----- Source data

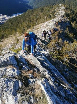 С изкачването нагоре постепенно ръбът на места ставаше по-тесен, на места би бил предизвикателен за хора, които ги е страх от високото. В групата си имахме такъв човек – Анна. Но всички и давахме кураж и тя успя да се качи до върха.
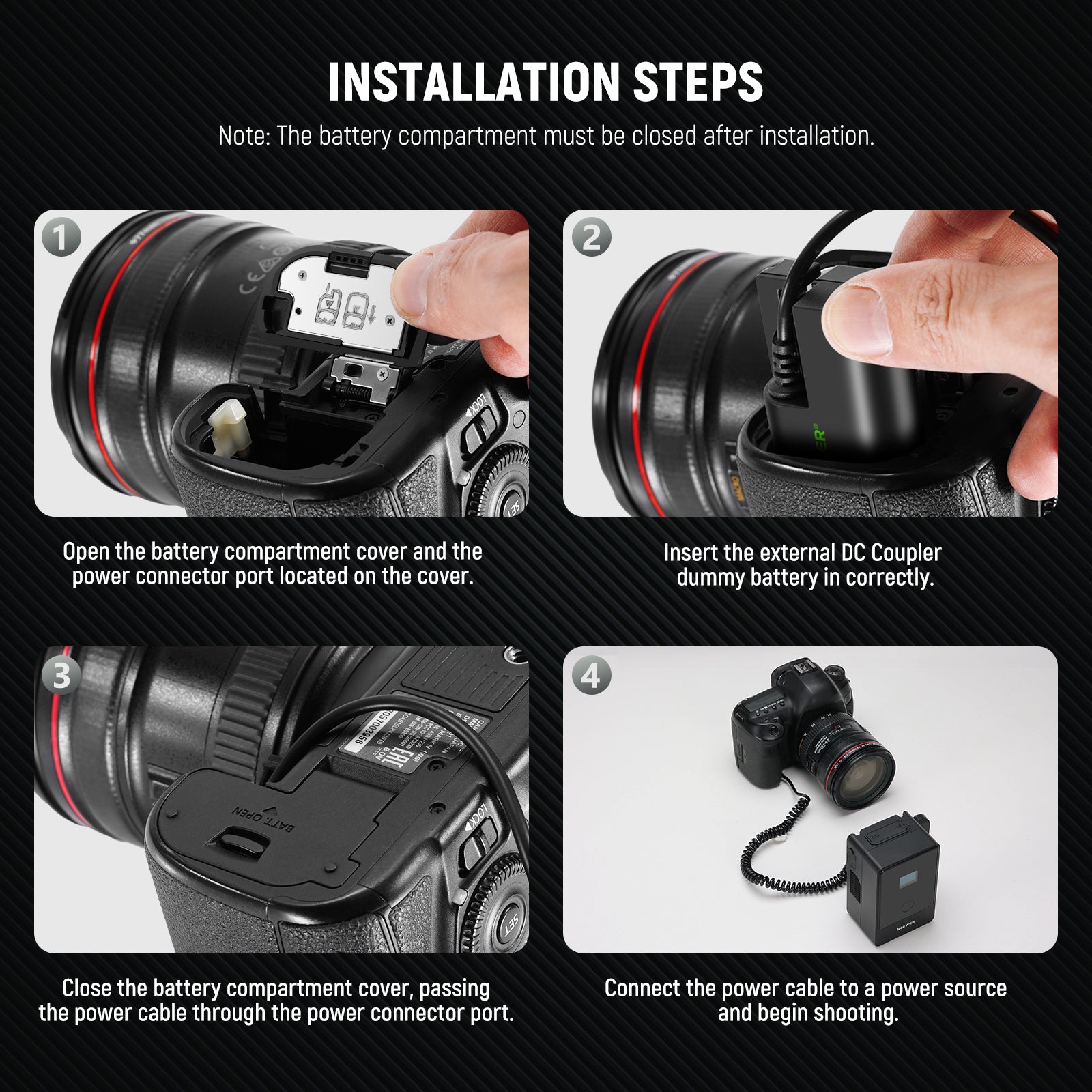 - 1 x LP-E6NH to D Tap Dummy Battery
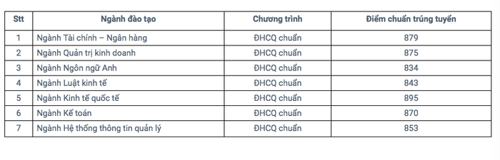 Điểm chuẩn trúng tuyển đã bao gồm điểm ưu tiên khu vực và đối tượng theo quy định. Đối với chương trình đại học chính quy chất lượng cao, sinh viên sẽ chọn ngành (Tài chính ngân hàng, Quản trị kinh doanh, Kế toán) sau khi nhập học chính thức.
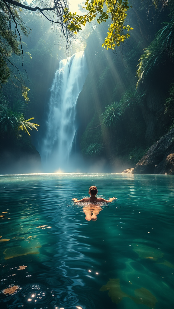 A mesmerizing image of a woman elegantly swimming in a serene lake by a majestic waterfall nestled within a lush jungle. The scene is enveloped in a delicate mist, enhancing the ethereal atmosphere with rays of volumetric lighting filtering through the canopy. Positioned at the center, the composition captures the essence of breathtaking beauty with intricate details and precise linework. The vibrant colors bring the scene to life, echoing the styles of Carne Griffiths and Conrad Roset, as dappled sunlight dances across the water. This visually stunning portrayal conveys a sense of tranquility and wonder, free from any distortions or artifacts, encapsulating the pure essence of nature's splendor.
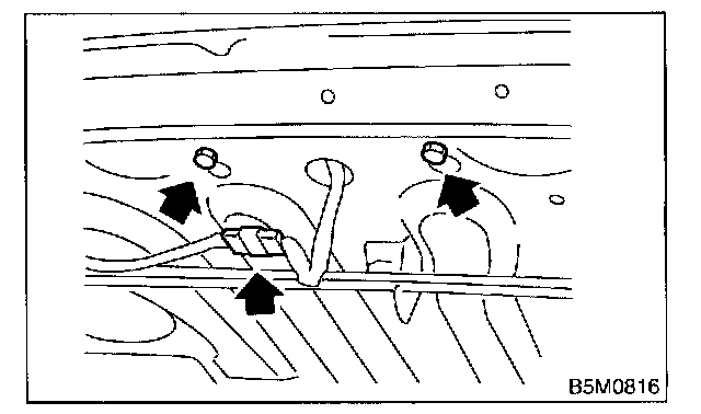4. Remove screws (d) and then detach high-mounted stop light while disconnecting connector.
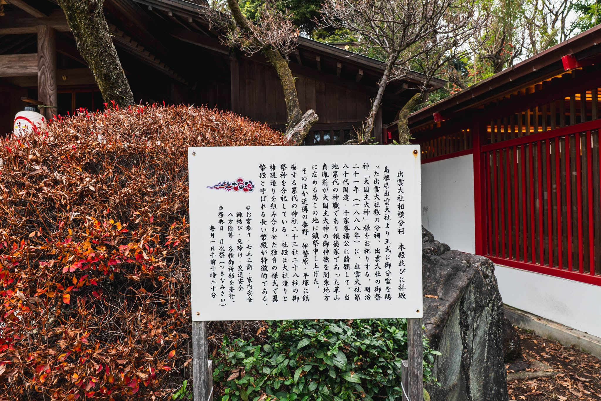 国家的な社格制度に基づく格式を持つ神社ではありませんが、出雲大社の分祠として、相模地域における出雲信仰の拠点の一つとされてきました。
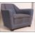 A vintage post war Art Deco club armchair of angular form raised on block feet with blue upholstered fabric. Measures: 72cms high x 86cms wide x 94cms deep.
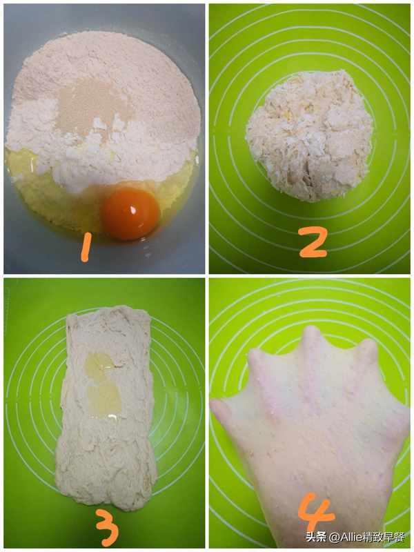 面团:高筋面粉、纯麦片、鸡蛋、酵母、牛奶、食用油浇头:葱花、鸡蛋、自制番茄酱【实践】 1、将高筋面粉和普通燕麦放入碗中,比例4:1,打一个鸡蛋,加入适量的酵母,酵母为两种面粉总质量的1%,拌匀后加入少量多次。加入牛奶,用手揉成柔软的面团。 2.将面团转移到案板上。 3.像擦衣服一样擦掉金刚砂膜,然后加入玉米油或融化的黄油。 4.擦至表面油完全混合后,再继续擦整个手套膜。
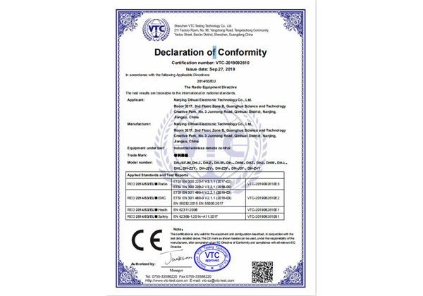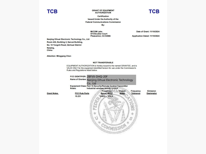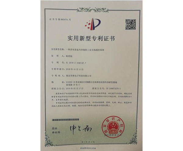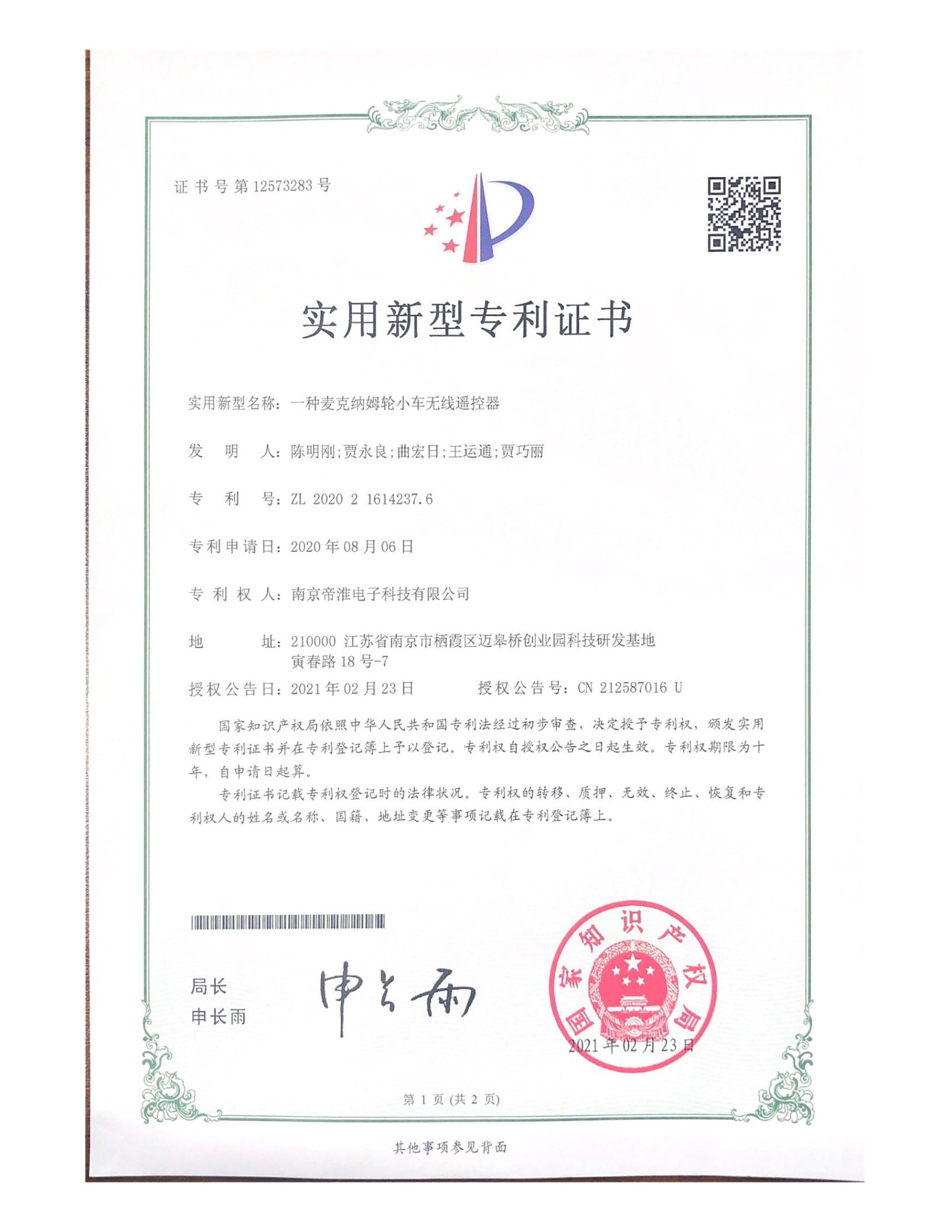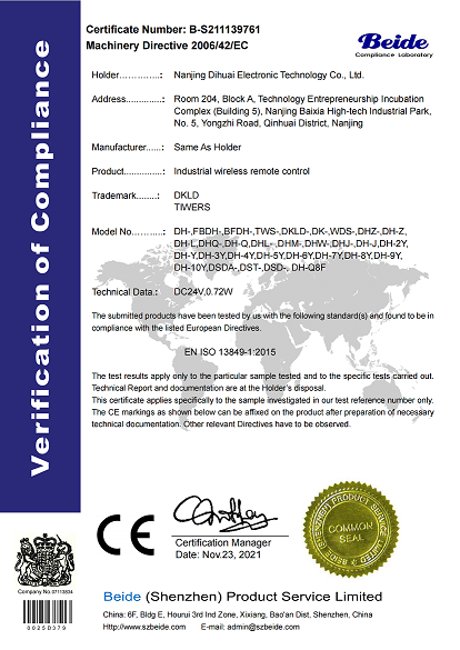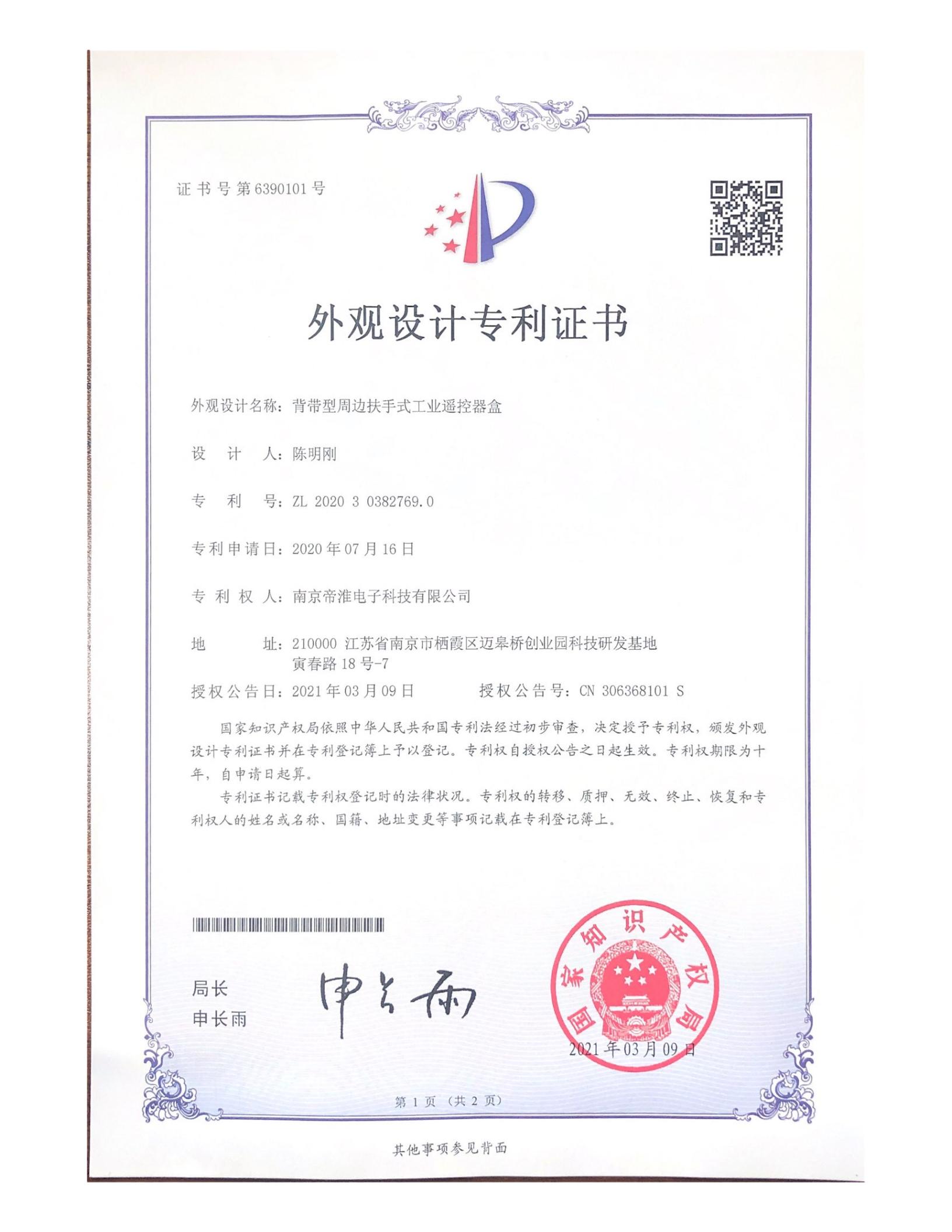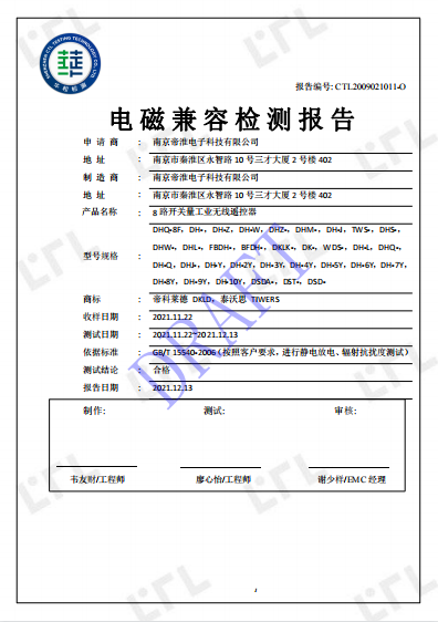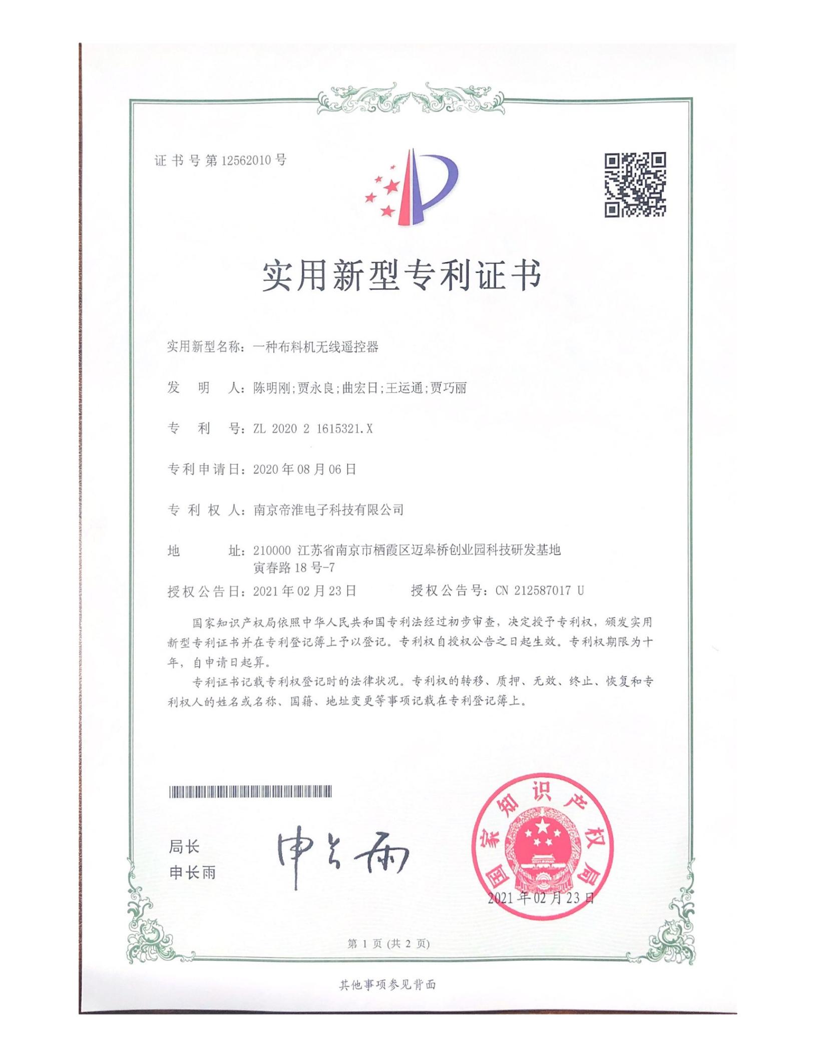 南京帝淮电子科技有限公司,国内工业??仄餍幸盗炀笠担灾餮蟹?、定制、非标设计各类工业级无线遥控器、工业级有线控制器、智能化自主算法逻辑的本地控制器等系列产品。已经申请及正在申请的技术专利、外观专利有近三十项左右,并通过了CE欧盟认证、国家级试验检验报告、EMC电磁兼容认证等。
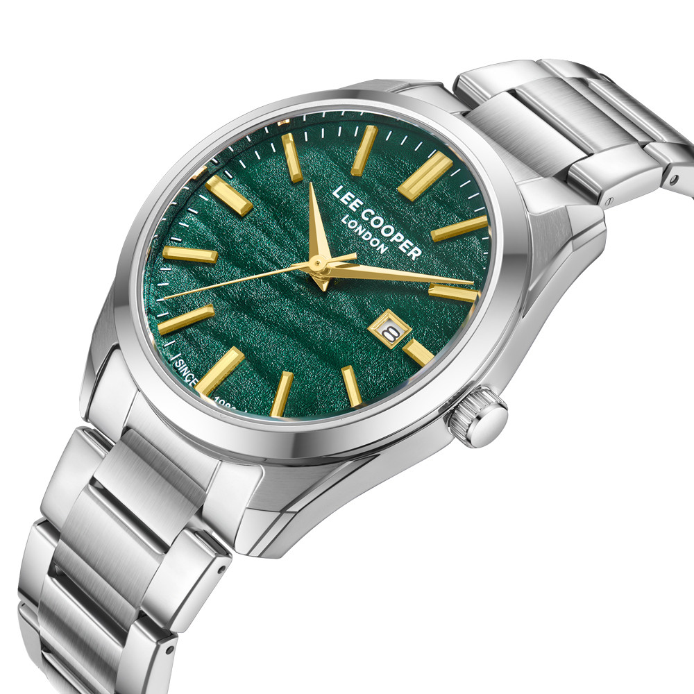 Мъжки часовник Lee Cooper с класическа ежедневна визия. Моделът е с корпус от супер метал и верижка от неръждаема стомана. Дисплеят е аналогов с показател за дата. Диаметър на корпуса 41 мм. Стъкло минерал-кристал. Часовникът се задвижва от кварцов механизъм. Водоустойчивост 5 ATM - допускат се леки пръски и взимане на душ, не се препоръчва обилно мокрене.

----------

About this task: Quote the data above exactly from the line with "国家的な社格制度に基づく格式" to the line with "南京帝淮电子科技有限公司,国", both ends counted, and nothing else. Pictures don't go in.

Finished exercise:
 国家的な社格制度に基づく格式を持つ神社ではありませんが、出雲大社の分祠として、相模地域における出雲信仰の拠点の一つとされてきました。
 A vintage post war Art Deco club armchair of angular form raised on block feet with blue upholstered fabric. Measures: 72cms high x 86cms wide x 94cms deep.
 面团:高筋面粉、纯麦片、鸡蛋、酵母、牛奶、食用油浇头:葱花、鸡蛋、自制番茄酱【实践】 1、将高筋面粉和普通燕麦放入碗中,比例4:1,打一个鸡蛋,加入适量的酵母,酵母为两种面粉总质量的1%,拌匀后加入少量多次。加入牛奶,用手揉成柔软的面团。 2.将面团转移到案板上。 3.像擦衣服一样擦掉金刚砂膜,然后加入玉米油或融化的黄油。 4.擦至表面油完全混合后,再继续擦整个手套膜。
 南京帝淮电子科技有限公司,国内工业??仄餍幸盗炀笠担灾餮蟹?、定制、非标设计各类工业级无线遥控器、工业级有线控制器、智能化自主算法逻辑的本地控制器等系列产品。已经申请及正在申请的技术专利、外观专利有近三十项左右,并通过了CE欧盟认证、国家级试验检验报告、EMC电磁兼容认证等。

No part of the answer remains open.